Where, as here, a county enters into an option agreement to sell county property under authority contained in a particular enabling statute, and the evidence shows that the proposed purchasers were not eligible to purchase under the terms of the particular statute, the option agreement is void. State v. Des Chutes Land Co., supra.

This then is not simply a case of a legal contract carried out in an illegal way as plaintiffs contend, but is in effect an attempt to obtain specific performance of a void contract.

"Equity will not specifically enforce a contract void at law for illegality, and where a contract grows immediately out of or is connected with an illegal act, equity will not decree its specific performance * * *." 49 Am.Jur. 29, Specific Performance ยง 19.

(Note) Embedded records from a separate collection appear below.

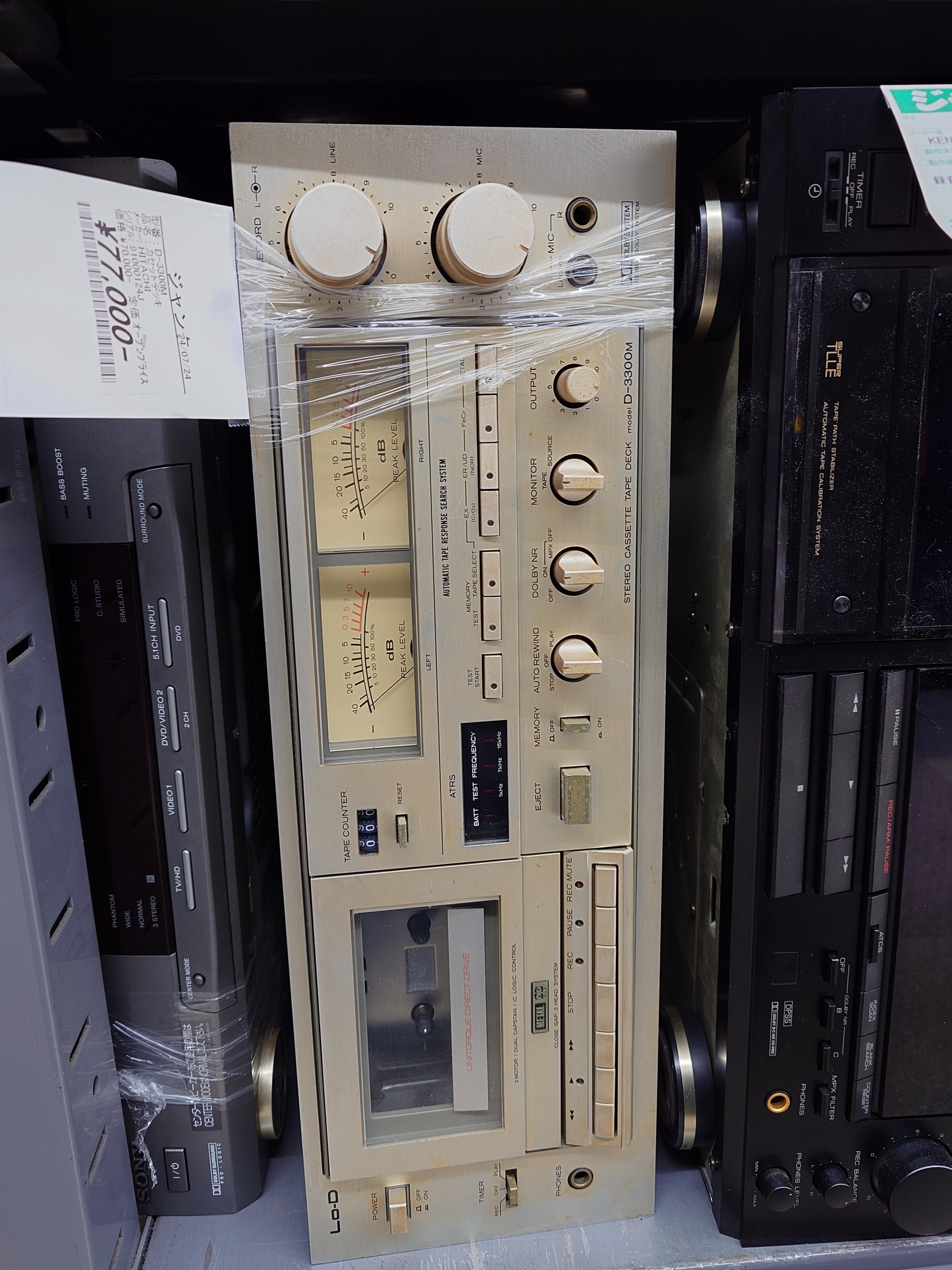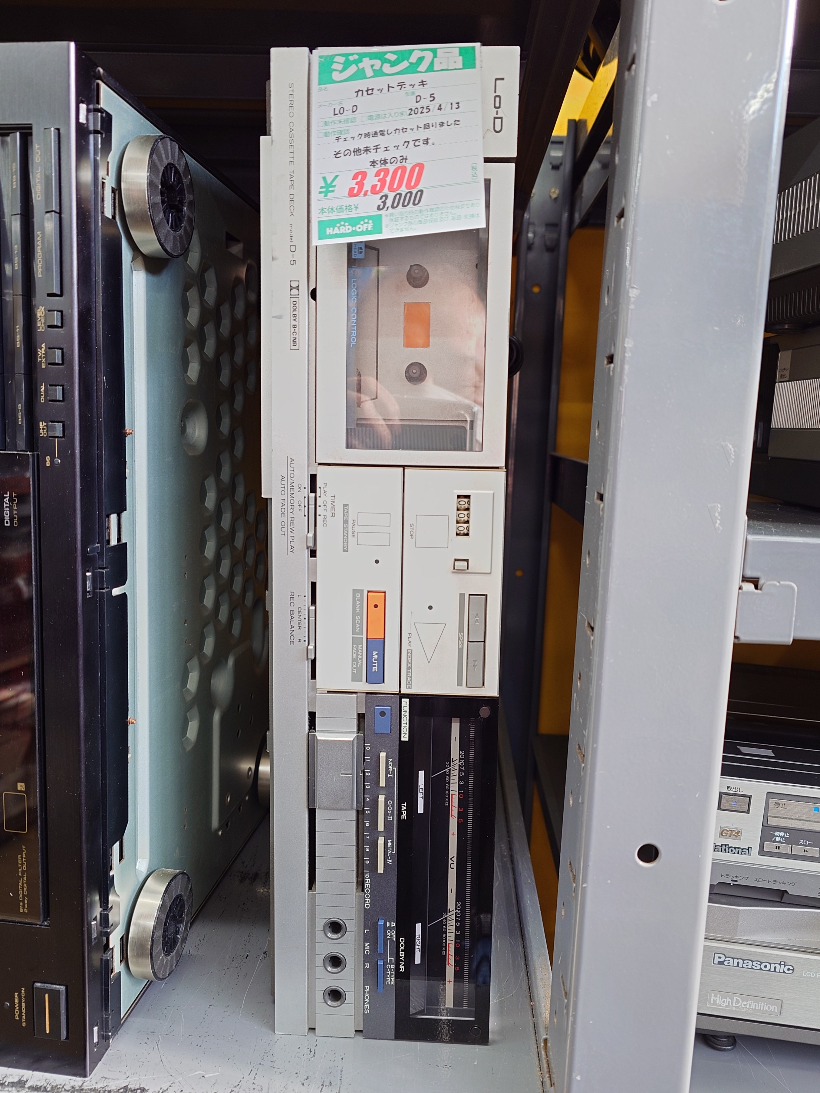 仕事帰りに立ち寄ったハードオフ箕面店にて、出会ってしまいました。Lo-D D-5メーターがFL管のD-7/8はよく見かけますが、ニードルメーターのD-5は実物に出会うのは初めてです。どうやら再生早送り巻き戻しは出来ますが、再生のピッチが速いです。嗚呼引力に逆らえずお持ち帰り。Nakamichiが我が家にはあるのになぁ、、、。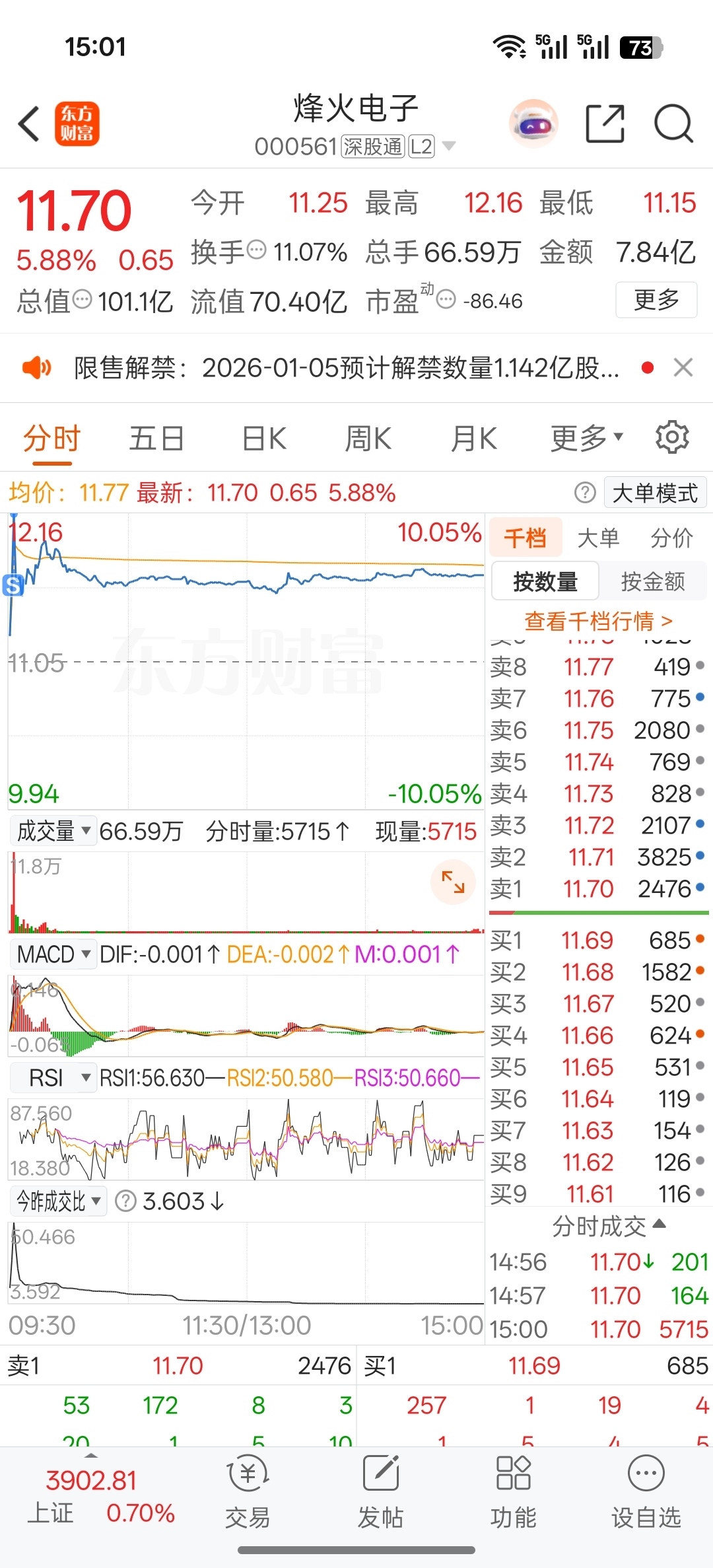 $烽火电子(SZ000561)$ 精准逃顶,涨停就卖。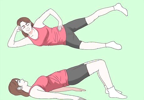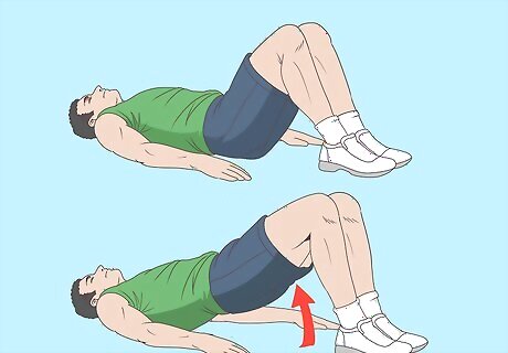 Engage your glutes with the bridge. Lie on your back with your knees bent and your feet flat on the floor. Engage your glutes and core to lift your hips toward the ceiling, resting your arms palm down on either side of your torso. Hold for 3 to 5 seconds, breathing deeply, then lower your body slowly to the floor. Aim for 10 to 15 repetitions of this exercise. Check that your body forms a straight line from your knees down to your shoulders when you are at the top of the bridge.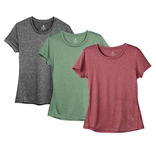 icyzone Women's Workout Running T-Shirt Activewear Yoga Gym Short Sleeve Tops Sports Shirts, 3-Pack (XL, Charcoal/Burgundy/Turf Green)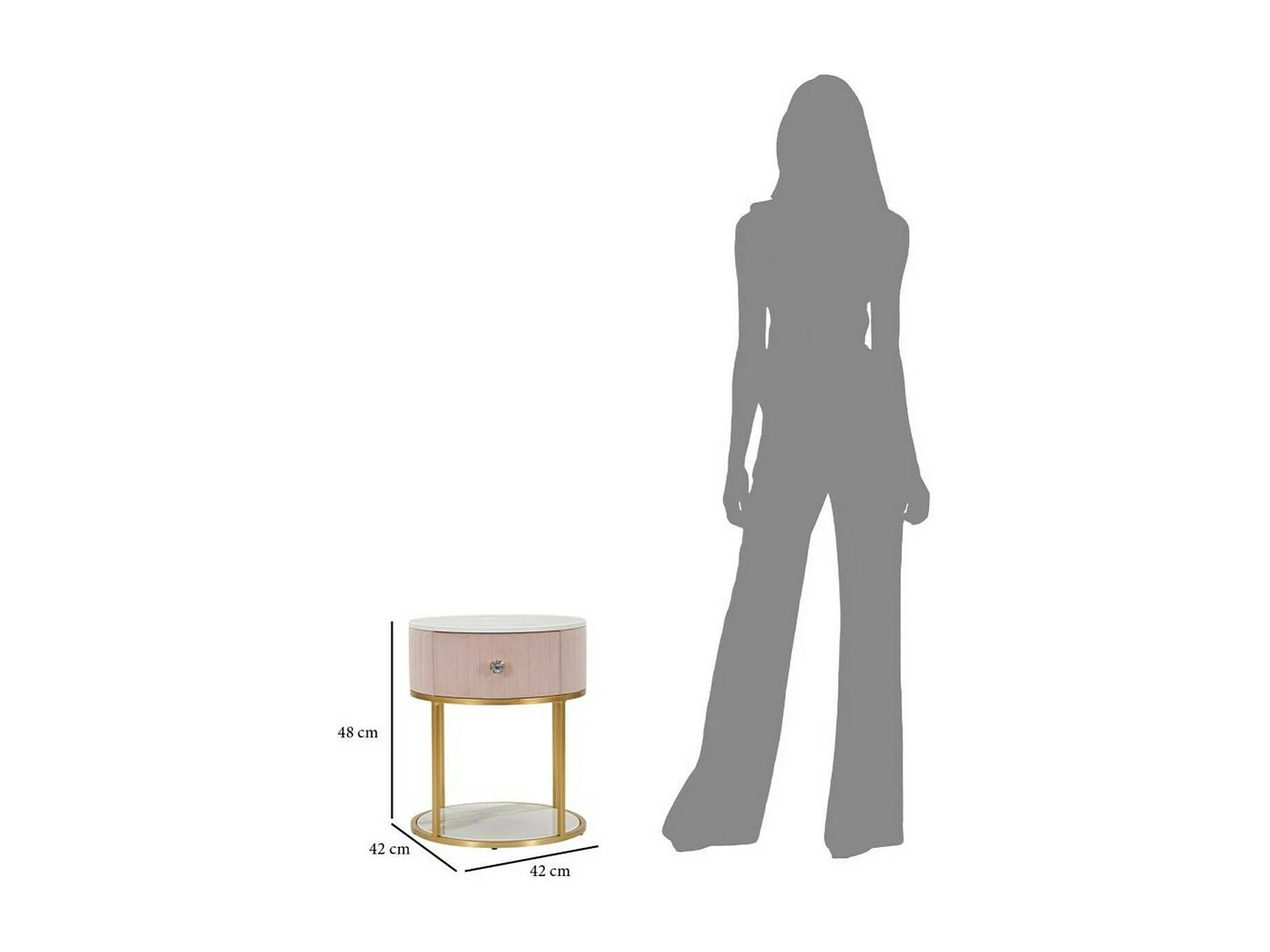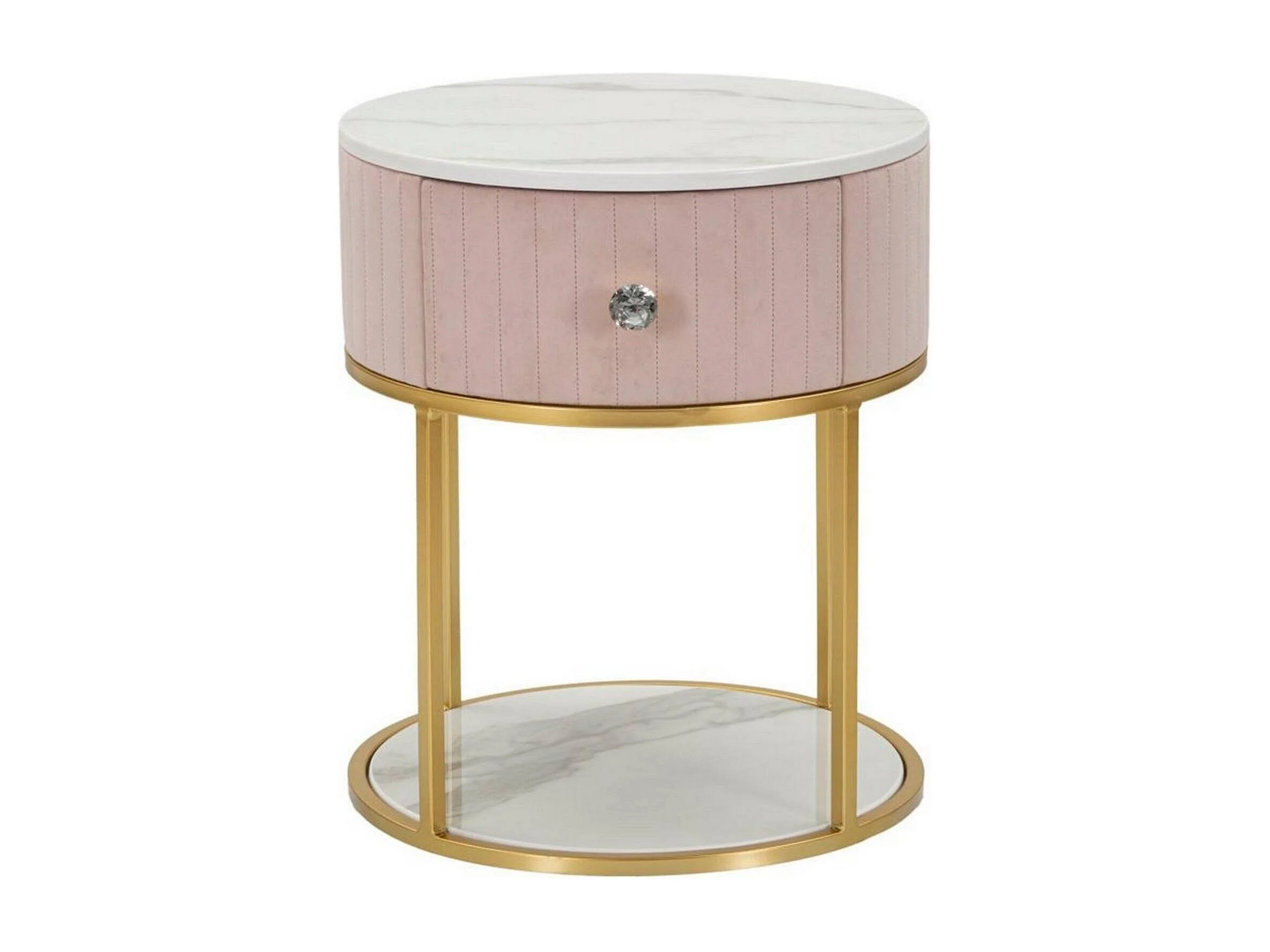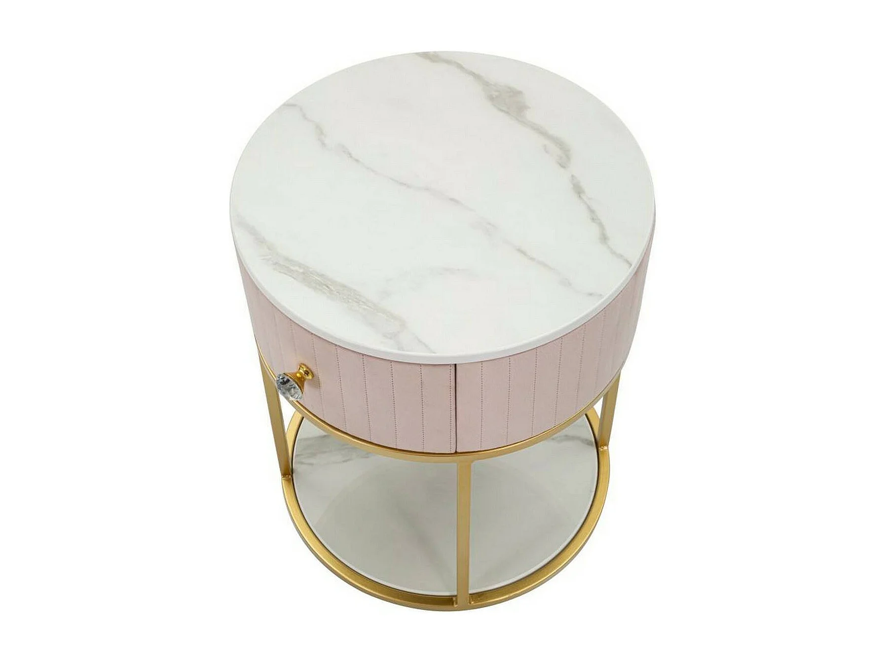 Mesa de cabeceira Gerhard, cómoda baixa, mesa de cabeceira, prateleira de cama, 42x42 h48 cm, rosa e branco

We have been cited to no authority nor have we found any which would permit the courts to make a new and different contract for the parties under a different statute which might have authorized the sale of the property in the first place if all the applicable statutory requirements, e.g., a preliminary finding by the governing body that the land was not needed for public use, publication of appropriate notice, public bidding, etc., had been complied with at that time. The applicable rule is set forth in Clarno v. Grayson, 30 Or. 111, 144, 46 P. 426 (1896), which involved a suit for specific performance of an option agreement to purchase a mine. In denying plaintiff Clarno's prayer for specific performance *806 of some of the acts requested, our Supreme Court said:

"* * * [T]he fixing [of] a new time for payment would be the making of a new contract. The court cannot make contracts for parties. Its duty is to determine their rights under the contracts they have made for themselves, and when this is done it can do no more." 30 Or. at 144, 46 P. at 437.



[1] ORS 275.080 provides:

"(1) Any county court may sell at public or private sale, and convey to any person or corporation impounding and selling water to the public, any lands heretofore or hereafter acquired by such county through foreclosure of tax liens or otherwise, when, in the discretion of such county court, the conveyance is necessary for the preservation or protection of any watershed from which water is being impounded and sold to the public by such person or corporation. The county court shall give prior notice of such sale by publication thereof once each week for two consecutive weeks in a newspaper of general circulation in the county.

"(2) Legal title to timber on such lands shall remain in the county and such timber shall not be removed therefrom except with the express written consent of and under the direct supervision of the State Board of Forestry.

"(3) Should any such lands so conveyed cease to be used to preserve and protect the watershed for which it was conveyed, or if the person or corporation does not take water from the watershed for a period of one year, legal title to such land shall immediately revert to and revest in the county without the necessity of re-entry."

[2] ORS 271.310, 275.030, 275.110, 275.190, 275.220 and 275.250.